Eleanor Margaret Burbidge (née Peachey), FRS (born August 12, 1919 in Davenport) is a British-born American astrophysicist, noted for original research and holding many administrative posts, including Director of the Royal Greenwich Observatory.

During her career, she served at the University of London Observatory, Yerkes Observatory of the University of Chicago, Cavendish Laboratory in Cambridge, England, the California Institute of Technology, and, from 1979 to 1988, was first director of the Center for Astronomy and Space Sciences at the University of California, San Diego (UCSD), where she has worked since 1962.

Burbidge started studying astronomy in 1936, at University College, London, was graduated in 1939, and received her Ph.D. at University College in 1943. She was turned down for a Carnegie Fellowship in 1945 because the fellowship would have meant that she would have had to observe at Mount Wilson observatory, which was reserved only for men at that time.

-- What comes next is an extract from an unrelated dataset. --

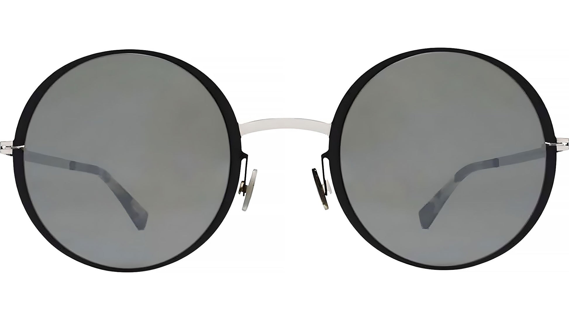 Mykita JOONA 052 sunglasses for women, featuring silver / black round stainless steel frame and demo lenses. The LITE collection embodies modern minimalism with contemporary shapes and balanced constructions that offer exceptional comfort and refined aesthetics. Featuring pure stainless steel frames and mixed material models with acetate elements, the collection is defined by slim 3mm steel temples and a distinctive spiral hinge.. Brand line: LITE. Style code: 10015508. Color code: 052. Made in Germany. Authorized Mykita online reseller. Your glasses will include the original case and accessories and are covered by a 12-month global warranty.

In 1950, she applied for a grant at the Yerkes Observatory in Williams Bay, Wisconsin, and went to the United States in 1951. Her research interests focused on chemical abundances in stars. She returned to England in 1953 and started research in collaboration with her husband Geoffrey Burbidge, William Alfred Fowler, and Fred Hoyle. Based on experimentation and observational data initiated by Margaret and Geoffrey Burbidge, the team produced a hypothesis that all chemical elements might be synthesized in stars by nuclear reaction (known now as stellar nucleosynthesis). The resulting astrophysical theory, which was published in 1957, was called the B2FH theory after the participants who collaborated in the research (Burbidge, Burbidge, Fowler, Hoyle). This theory has been the basis for a substantial field of research in astrophysics.